*** Opening of AVAILABLE DATA ***

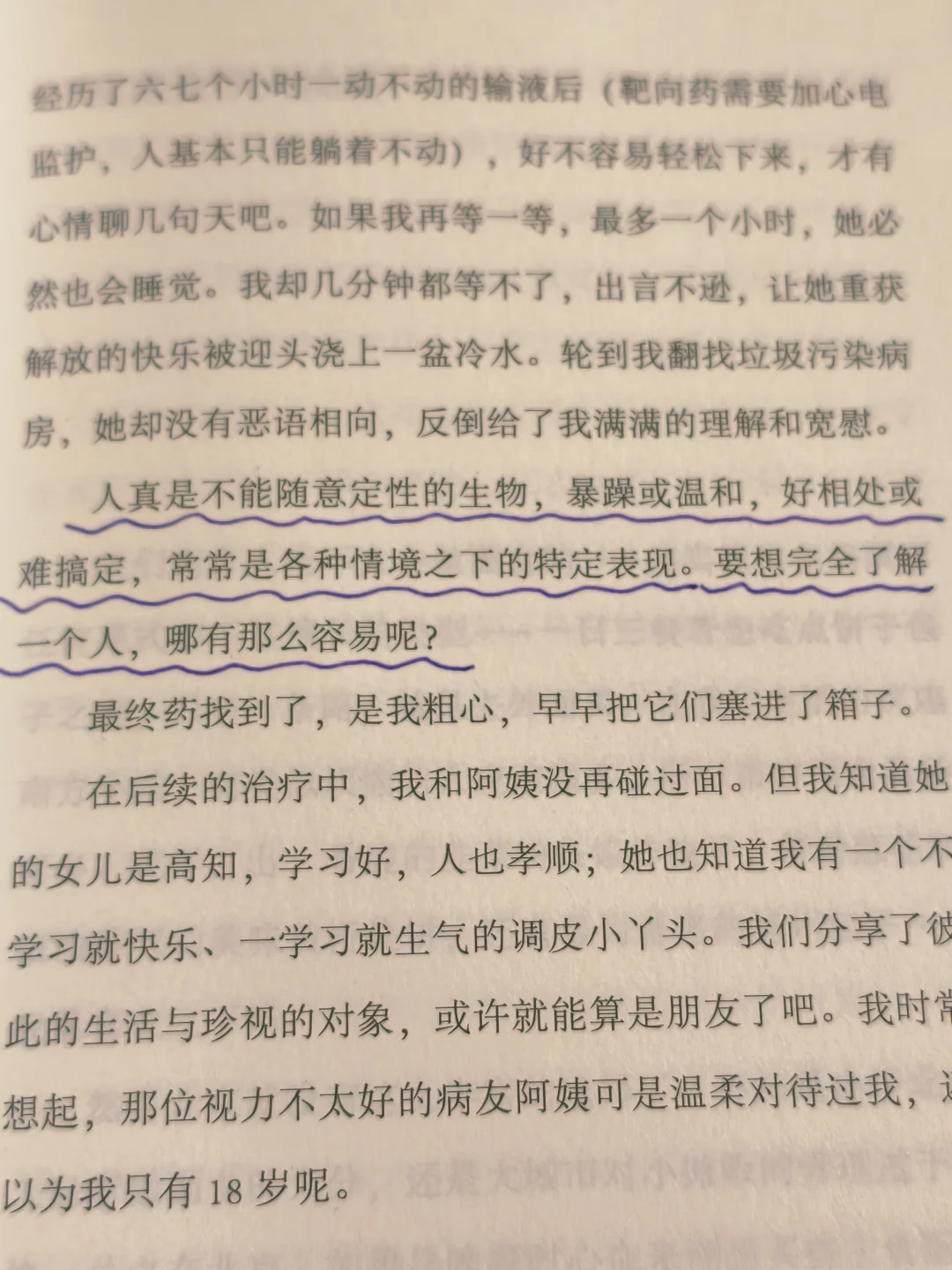 读着读着,我忍不住想起自己住院的日子:妈妈每天变着花样炖的汤,朋友每天准时发来的信息,护士姐姐凌晨查房时轻轻掖好的被角,甚至病友妹妹分享的助眠小妙招——原来无论身患何种病痛,我们都不是独自在战斗。那些曾让我灰心丧气的深夜,那些觉得“撑不下去”的瞬间,正是这些细碎的善意,拼成了照亮困境的光。
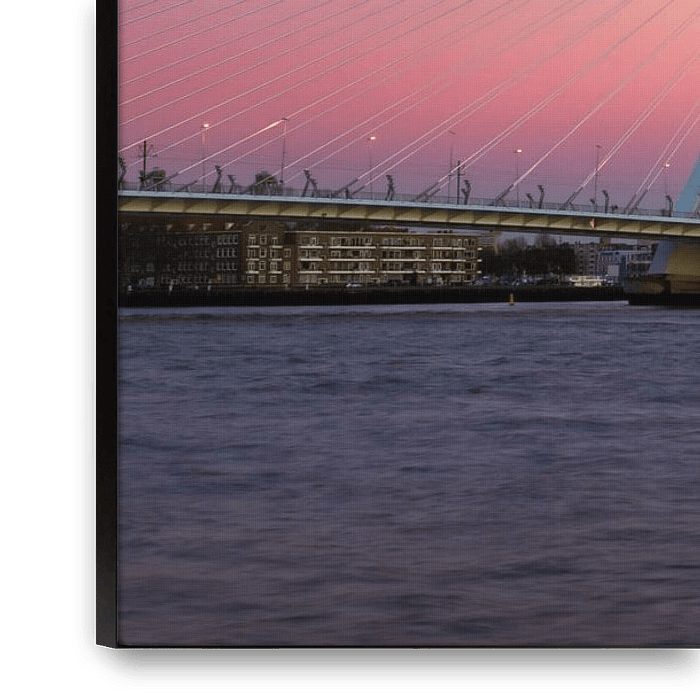 Buy this of Rotterdam Erasmus Bridge Rotterdam at dusk by Esmée Fotografeert on canvas, ArtFrame, poster and wallpaper, printed on demand in high quality.
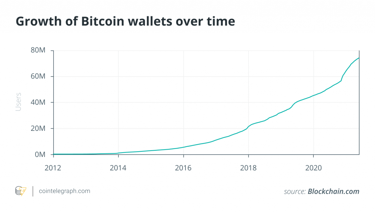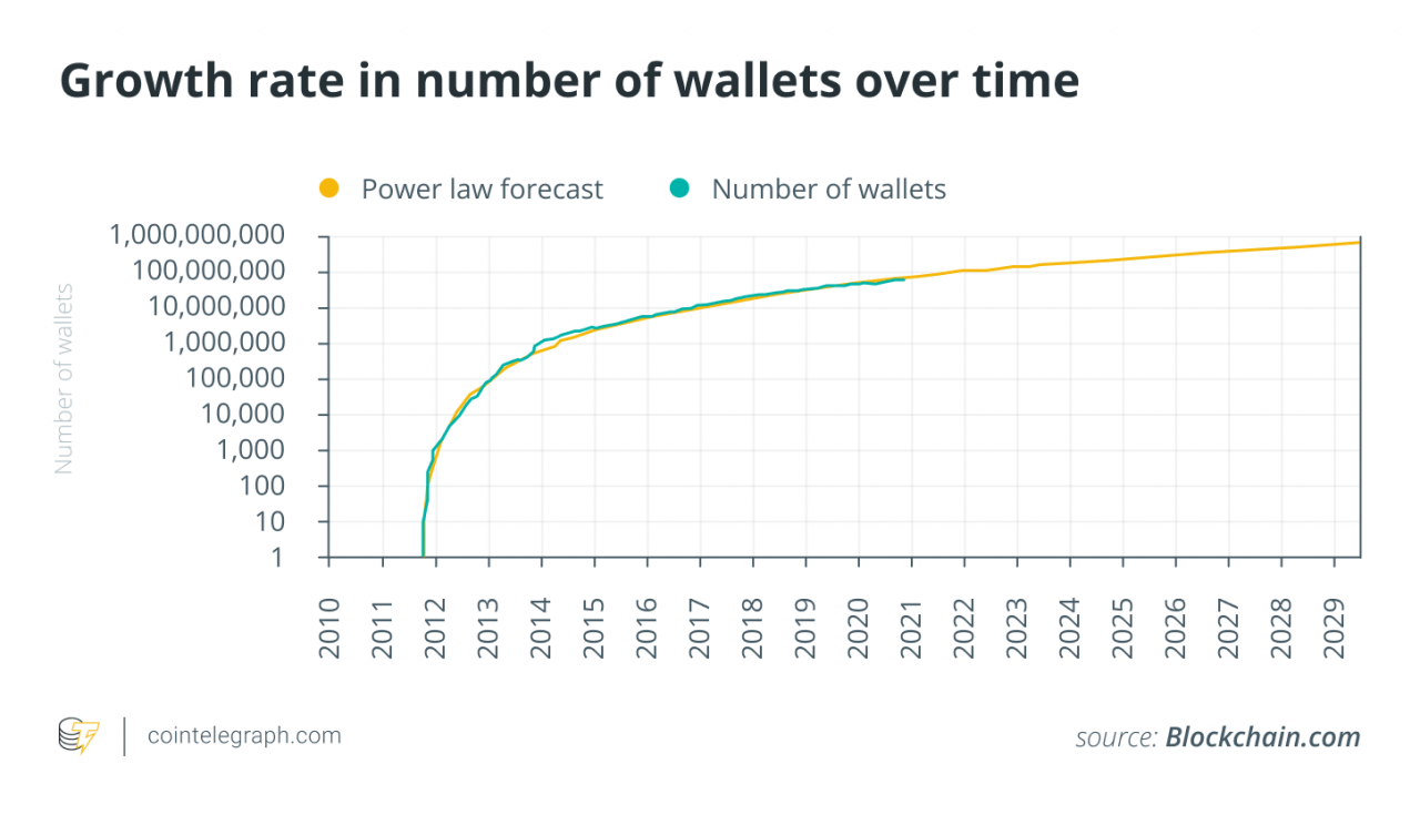 尽管该函数不考虑基于比特币意外增长后可能在 2021 年表现出来的兴趣增加的任何潜在未来增长,但此练习用于估计钱包数量随时间的增长。
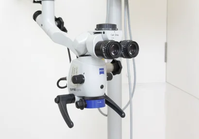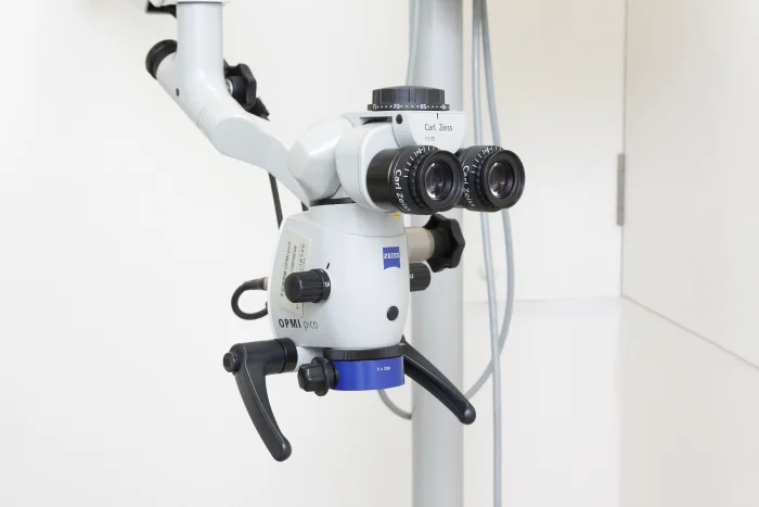 歯科診療、特に根管治療はミクロの世界を扱う繊細な作業の連続です。この細かい作業は今まで肉眼で、時には手探りで行われていたため、その精度には限界がありました。1990年代に入り、根管治療、特に外科的処置(根尖切除術)を、すでに脳外科・眼科・耳鼻科などで使用されている手術用顕微鏡下で行うことが始まり、その治療成績は飛躍的に向上しました。一般の根管治療においても、これまで見逃されていた根管、歯根破折の診断など明視野かつ拡大下で治療できるようになりました。 当院では複雑な歯根の歯に対し、手術用顕微鏡を用いてミクロの世界を明視野かつ拡大下で処置することにより、精度の高い歯科医療を皆様にご提供いたします。
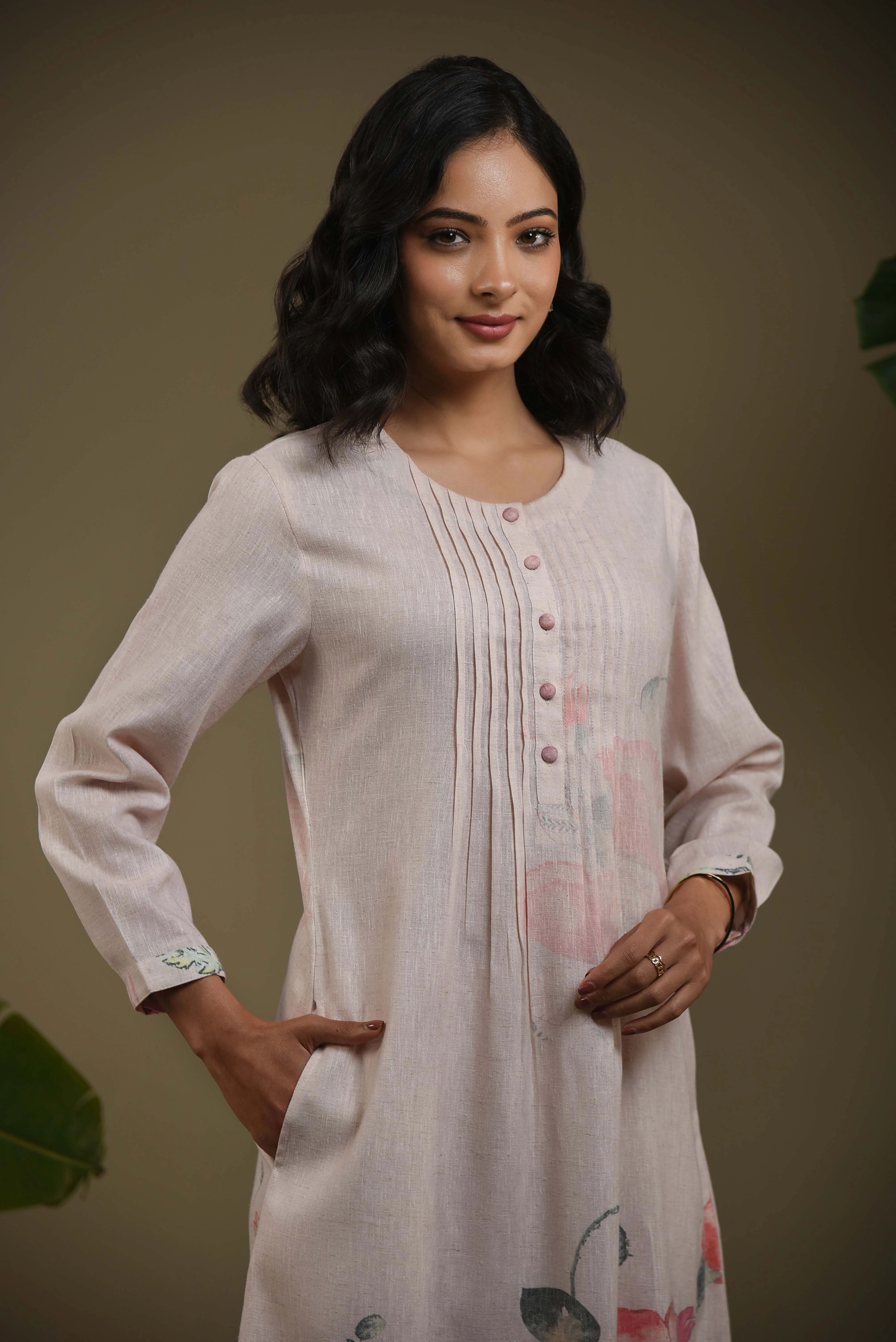 Experience timeless sophistication with this Pink Floral Linen Blend A-Line Kurta Set, a masterfully designed ensemble for the contemporary wardrobe.
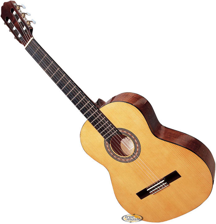 Guitare classique 4/4 pour gaucher, finition Naturelle. Table massive épicéa. Dos tilleul et éclisses hêtre. Manche érable avec touche acacia teinté. Mécaniques chromées. Equipées de cordes D'Addario classiques. Fabriquées en Europe.

*** Close of AVAILABLE DATA ***

PROBLEM REQUIREMENTS: Each entry above has to be set down again verbatim, except for its pictures.

THE COMPLETED TASK:
 读着读着,我忍不住想起自己住院的日子:妈妈每天变着花样炖的汤,朋友每天准时发来的信息,护士姐姐凌晨查房时轻轻掖好的被角,甚至病友妹妹分享的助眠小妙招——原来无论身患何种病痛,我们都不是独自在战斗。那些曾让我灰心丧气的深夜,那些觉得“撑不下去”的瞬间,正是这些细碎的善意,拼成了照亮困境的光。
 Buy this of Rotterdam Erasmus Bridge Rotterdam at dusk by Esmée Fotografeert on canvas, ArtFrame, poster and wallpaper, printed on demand in high quality.
 尽管该函数不考虑基于比特币意外增长后可能在 2021 年表现出来的兴趣增加的任何潜在未来增长,但此练习用于估计钱包数量随时间的增长。
 歯科診療、特に根管治療はミクロの世界を扱う繊細な作業の連続です。この細かい作業は今まで肉眼で、時には手探りで行われていたため、その精度には限界がありました。1990年代に入り、根管治療、特に外科的処置(根尖切除術)を、すでに脳外科・眼科・耳鼻科などで使用されている手術用顕微鏡下で行うことが始まり、その治療成績は飛躍的に向上しました。一般の根管治療においても、これまで見逃されていた根管、歯根破折の診断など明視野かつ拡大下で治療できるようになりました。 当院では複雑な歯根の歯に対し、手術用顕微鏡を用いてミクロの世界を明視野かつ拡大下で処置することにより、精度の高い歯科医療を皆様にご提供いたします。
 Experience timeless sophistication with this Pink Floral Linen Blend A-Line Kurta Set, a masterfully designed ensemble for the contemporary wardrobe.
 Guitare classique 4/4 pour gaucher, finition Naturelle. Table massive épicéa. Dos tilleul et éclisses hêtre. Manche érable avec touche acacia teinté. Mécaniques chromées. Equipées de cordes D'Addario classiques. Fabriquées en Europe.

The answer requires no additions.